The compiler inserts the Drop calls at the end of each scope where an Rc<T> is bound. You can see this in the example: when c’s block ends, the decrement happens immediately, even though the line printing "count after c goes out of scope" executes after the block — the count has already fallen.
Reference Cycles Can Prevent Deallocation:
If you create a cycle — for example, two Rc nodes pointing to each other — the strong count never reaches zero even after all external handles are dropped, because each node keeps the other alive. The heap memory leaks. The standard library provides Weak<T> to break such cycles; that mechanism is covered in the section on preventing cycles.
Why the Function is Called strong_count
Rc<T> supports two kinds of reference: strong references (Rc<T> itself) and weak references (Weak<T>). A strong reference keeps the data alive; a weak reference does not. The function Rc::strong_count reflects only the number of strong handles. A corresponding Rc::weak_count tracks the number of weak handles. Weak references are discussed later when dealing with reference cycles, but the naming choice reminds you that cloning an Rc produces a strong, ownership-carrying reference that contributes to the lifetime of the data.
Common Misconceptions About Cloning Rc<T>
Beginners often expect clone to behave uniformly across Rust types. With Rc, that uniformity breaks — and that can be surprising.
Mistake: Assuming Rc::clone duplicates the inner value.
If you need a deep copy of the data, you must clone the inner type explicitly: (*some_rc).clone().

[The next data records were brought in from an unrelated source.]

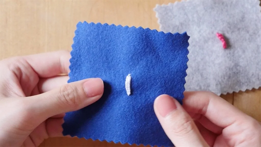 1. With a double-up thread, sew the base for the loop 2-3 times as close to each other as possible as shown in the photo, the length for the loop is according to the size of the metal fittings of the hook.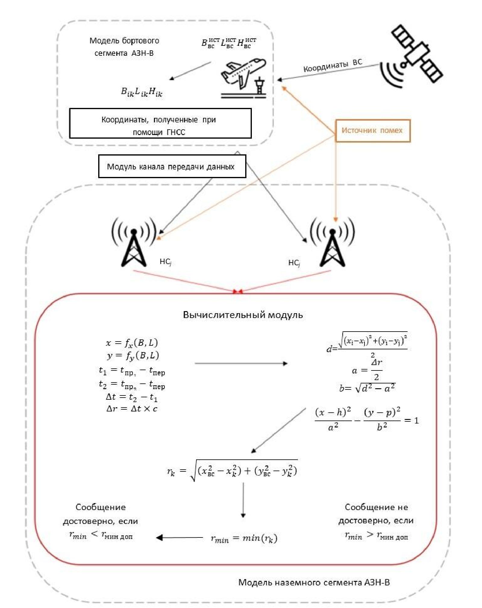 Рассмотрим представленную на рисунке 1 модель подтверждения достоверности сообщения АЗН-В на поверхности аэродрома, где отображены основные компоненты, а также в математической форме описаны процессы, происходящие в каждой ее составной части.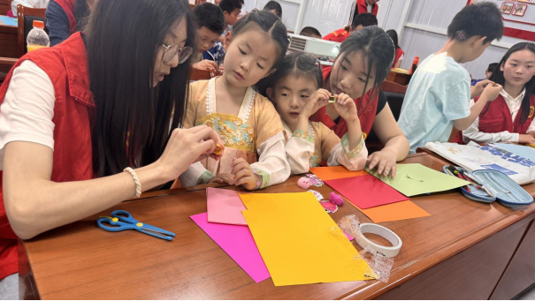 小朋友们充分发挥想象力和创造力,有的用彩笔绘制出与妈妈温馨相处的场景,有的剪出爱心、花朵等形状来装饰贺卡。在志愿者和同伴的帮助下,一张张充满童趣与爱意的贺卡逐渐成型。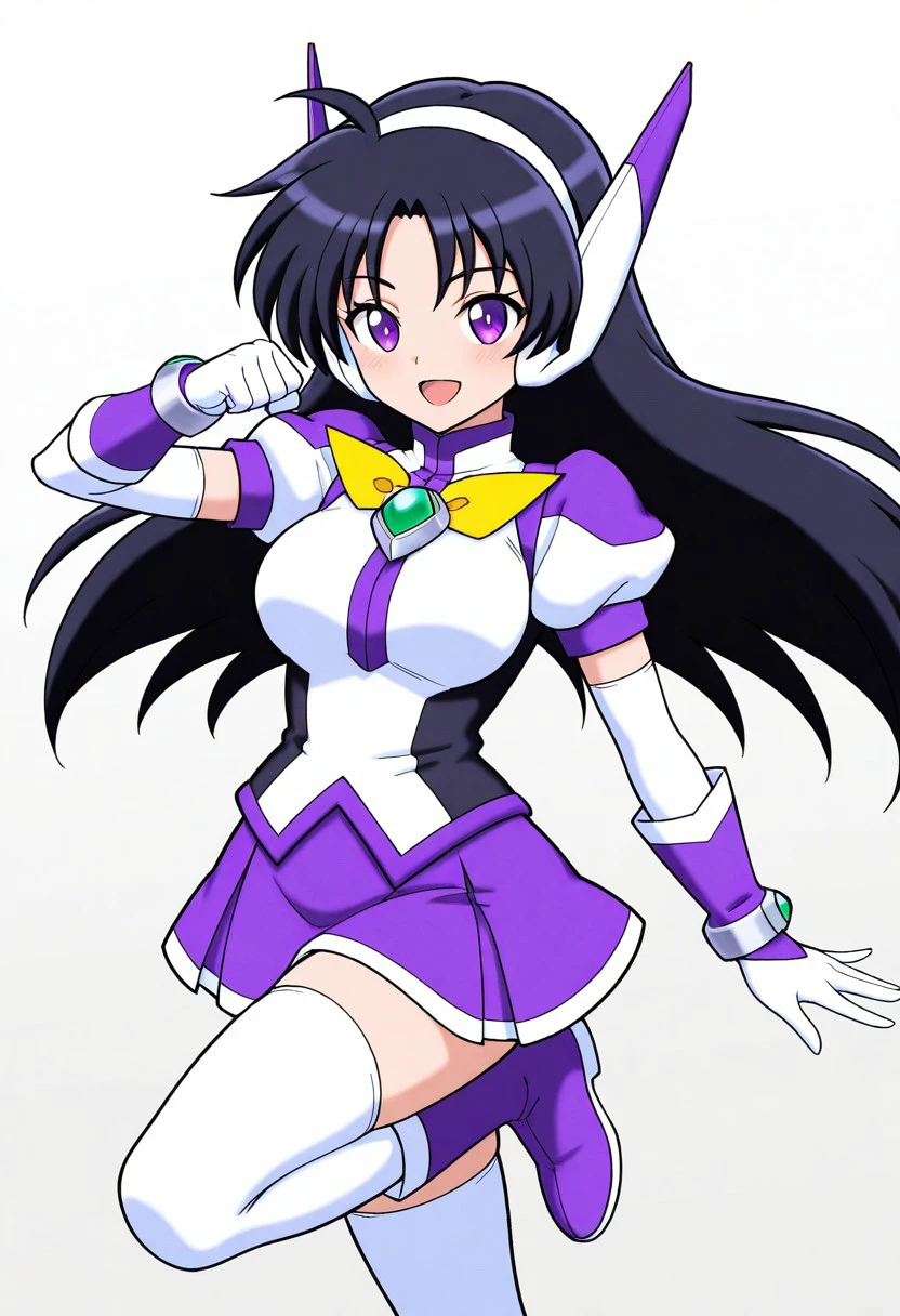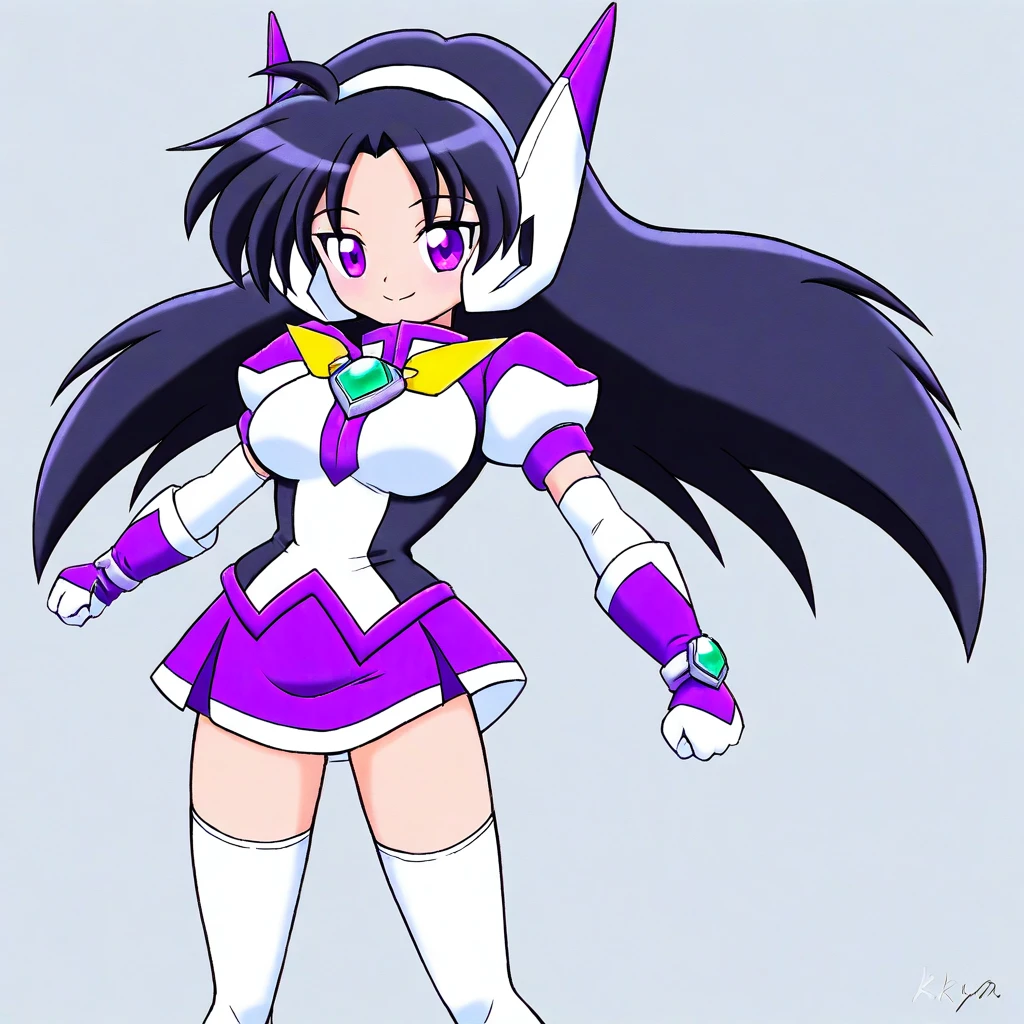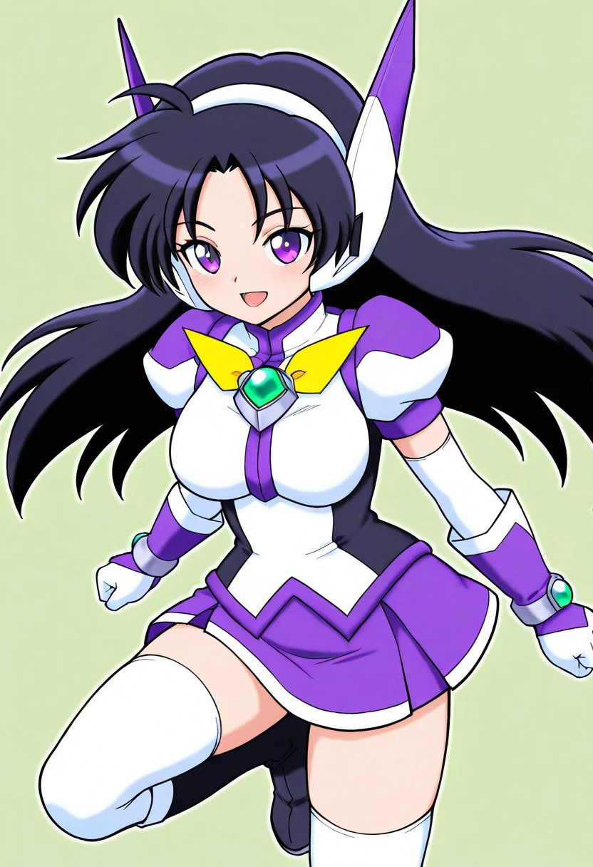 purpswa, 1girl, solo, black hair, long hair, purple eyes, purswaoutfit, white and purple shirt, raised collar, white hairband, white and purple headphones, white and purple glove, wristband, green gems, purple skirt with white trim, miniskirt, white thighhighs, zettai ryouiki, white and purple boots, yellow bow

Rc::clone only gives you another handle to the same allocation.
Mistake: Using a.clone() without realizing it increments the reference count.
While technically correct, a.clone() on an Rc<T> does the same thing as Rc::clone(&a). The explicit form avoids ambiguity and signals intent. In larger codebases, a plain .clone() often triggers a mental “is this expensive?” reaction. Rc::clone tells the reader: “this is cheap; it’s only bumping a counter.”
Mistake: Trying to mutate data behind an Rc.
Rc<T> only grants shared, immutable access (&T). If you need mutable shared data, you combine Rc with RefCell<T> to get interior mutability — a pattern introduced in the next section.
Single-Threaded Only:
Rc<T> uses non-atomic reference counting, so it is not safe to send between threads. If you need shared ownership across threads, use Arc<T> instead. Both Arc and Rc follow the same cloning semantics: clone increments the count, drop decrements it.
Practical Use Cases for Clone-Based Reference Counting
Whenever you build a tree or graph structure where nodes need to be owned by multiple parents, Rc::clone is the idiomatic way to add ownership links. For example:
- Abstract syntax trees (ASTs) where a single node might appear in multiple branches during analysis phases.
- Scene graphs in game engines, where a texture or mesh resource is referenced by several objects.
- Immutable data structures that share sub-parts. A new version of a list can reuse existing tail nodes by cloning their
Rchandles, avoiding allocation.
In all these cases, cloning the Rc is an O(1) operation — a simple integer increment. The actual data remains untouched. This property makes it feasible to share large structures without prohibitive runtime cost, as long as mutation is not needed.